3. Der Umfang der Aufgaben im Sprint Backlog ist in Scrum nicht festgelegt. Die Empfehlung von zwei Tagen finde ich auch eher schwierig, denn wie soll man das in der Realität gewährleisten? Einzige Voraussetzung ist, dass die Aufgabe innerhalb eines Sprints abgeschlossen werden kann. Die Empfehlungen für die Praxis gehen daher auch eher in die Richtung, dass die geschätzte Dauer nicht mehr als 1/4 der Sprint-Dauer beträgt, also bei einer Sprint-Länge von 4 Wochen könnte ein Task ohne Weiteres eine Woche dauern.

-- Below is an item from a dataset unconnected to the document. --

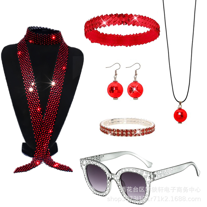 70年代ディスコアクセサリースパンコールサングラスネックレスイヤリングドリルスカーフダイヤモンドブレスレットセット

Für die Fortschrittskontrolle gibt es das Mittel der Restaufwandsschätzung, die täglich erfolgen soll.
Hallo Patrick,
danke, dass du einige Punkte des Artikels nochmal aufgegriffen hast! Gerade auf den Unterschied zwischen Product Owner und (klassischem) Auftraggeber sowie einer Unterteilung der Teams ab 10 Personen, kann man gerne mehrfach hinweisen 🙂
Noch kurz zur Empfehlung, dass der Umfang von Aufgaben möglichst zwei Tage nicht überschreiten soll: Dabei handelt es sich um eine Empfehlung. Wenn es aber gute Gründe für eine Überschreitung gibt, dann kann man das sicherlich machen. Es zeigt sich aber immer wieder, dass genau dort, wo mit zu großen Aufgaben (z.B. 1/4 der Sprint-Dauer) geplant wird, Probleme entstehen. Und oft lassen sich diese eben auch in kleinere Teil-Aufgaben splitten und werden so “handhabbarer”
Viele Grüße und erfolgreiche Projekte!